Secondaries: Park Hill on CFOs – expert comment

adrian millan park hill 180
Adrian Millan

Calo Pablo 180 
Pablo Calo

Since 2009, growth in the secondary market has been driven by a series of catalysts that have expanded the market both from the number of participants as well as the amount of capital available to finance transactions. Financial regulation, record secondary fundraising, greater buy-side interest in new asset classes, growth in third-party leverage and GP-led transactions have each contributed to the prolific growth in the secondary market. We believe LP portfolio securitisations, also known as collateralised fund obligations (CFOs) could be another such driver of further market expansion.
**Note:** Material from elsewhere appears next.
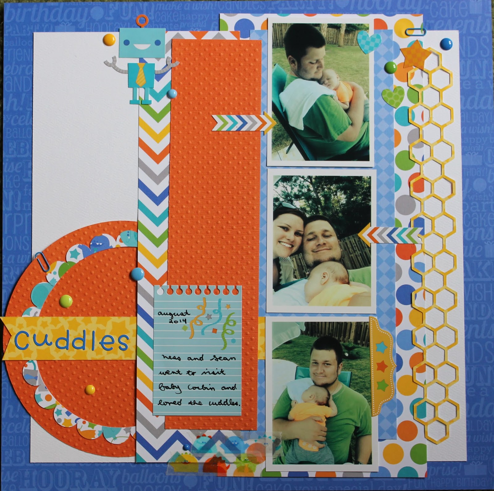 Created this layout of Sean and Vanessa's visit to meet her newest cousin, Corbin. They are going to make great parents some day and seeing Sean hold this baby so lovingly makes me melt and look forward to the day when they have their own baby. I used the Doodlebug Essentials Hip Hip Hooray kit for this layout. I was challenged to use products using the word labor.
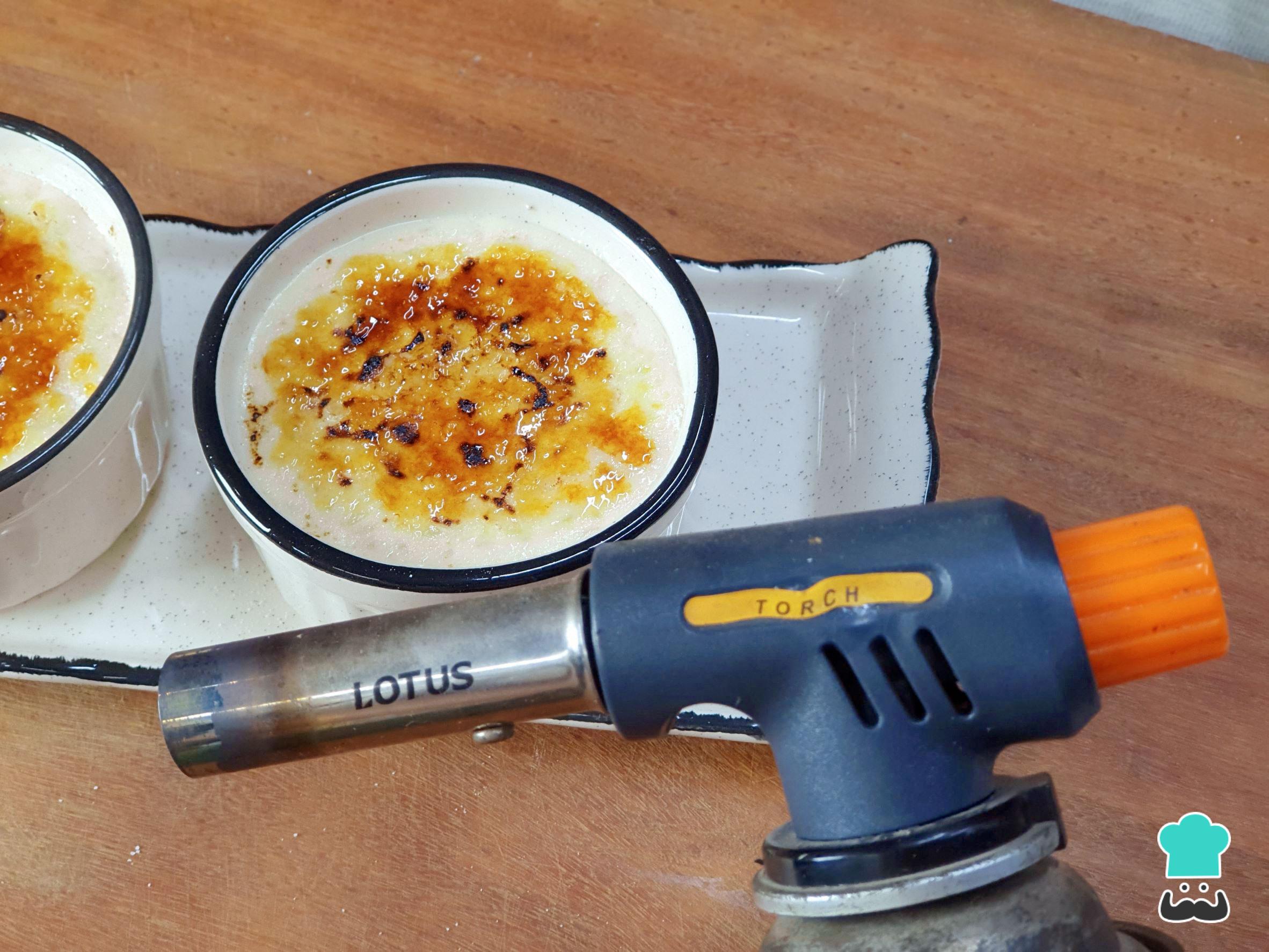 Com a ajuda de um maçarico, é hora de dar o "efeito brûlée" na sobremesa! Com a chama, derreta o açúcar até que ele fique caramelizado. Espere alguns segundos, para que o caramelo fique firme e forme aquela "casquinha".

These types of liquidity solutions provide prospective secondary sellers with a compelling alternative to an outright sale and bring more capital to the secondary market from yield-oriented credit investors.

CFO TRANSACTION OVERVIEW
A CFO is a structured form of asset-backed financing analogous to a collateralised loan obligation where the debt issuance is supported by a portfolio of LP interests instead of pools of traditional loans. Typically, a CFO is structured where the current LP (the sponsor) sells a portfolio of LP interests into a special purpose vehicle (SPV), which in turn is owned by a newly established issuer SPV (the issuer).

Depending on the structure, in exchange for the contribution of assets the sponsor subsequently receives a 100 percent ownership stake in the issuer, providing indirect ownership of the original portfolio. The issuer then issues several tranches of debt (the notes) generating an array of new investment securities with unique risk and return profiles, some of which may be rated. The result is that the sponsor has converted a diverse private equity portfolio of LP interests into a series of notes and equity interests in the issuer, which can be retained or sold in the capital markets.

SPONSOR VALUE PROPOSITION
As with any securitisation, a CFO allows the sponsor to accelerate and monetise the future cashflow streams of its private equity investments, which may represent a compelling alternative to traditional LP sales. Once established, the CFO framework provides a permanent in-house liquidity mechanism for future issuances thereby expanding the sponsor’s long-term portfolio management capabilities. Furthermore, the notes are non-recourse to the sponsor and the tranched structure can facilitate a significant capital raise in the range of ~40-60 percent of the portfolio’s NAV on attractive terms.

This can provide sponsors with a viable financing alternative to traditional specialist private equity lenders who often require some form of recourse or more restrictive covenants. Additional sponsor benefits include: i) portfolio liquidity based on current NAVs and not at discounted values ii) the retained equity is poised to receive an enhanced return through leverage iii) the sponsor maintains their GP relationships iv) potential off-balance sheet treatment of the transaction v) potential regulatory risk-weighted asset relief.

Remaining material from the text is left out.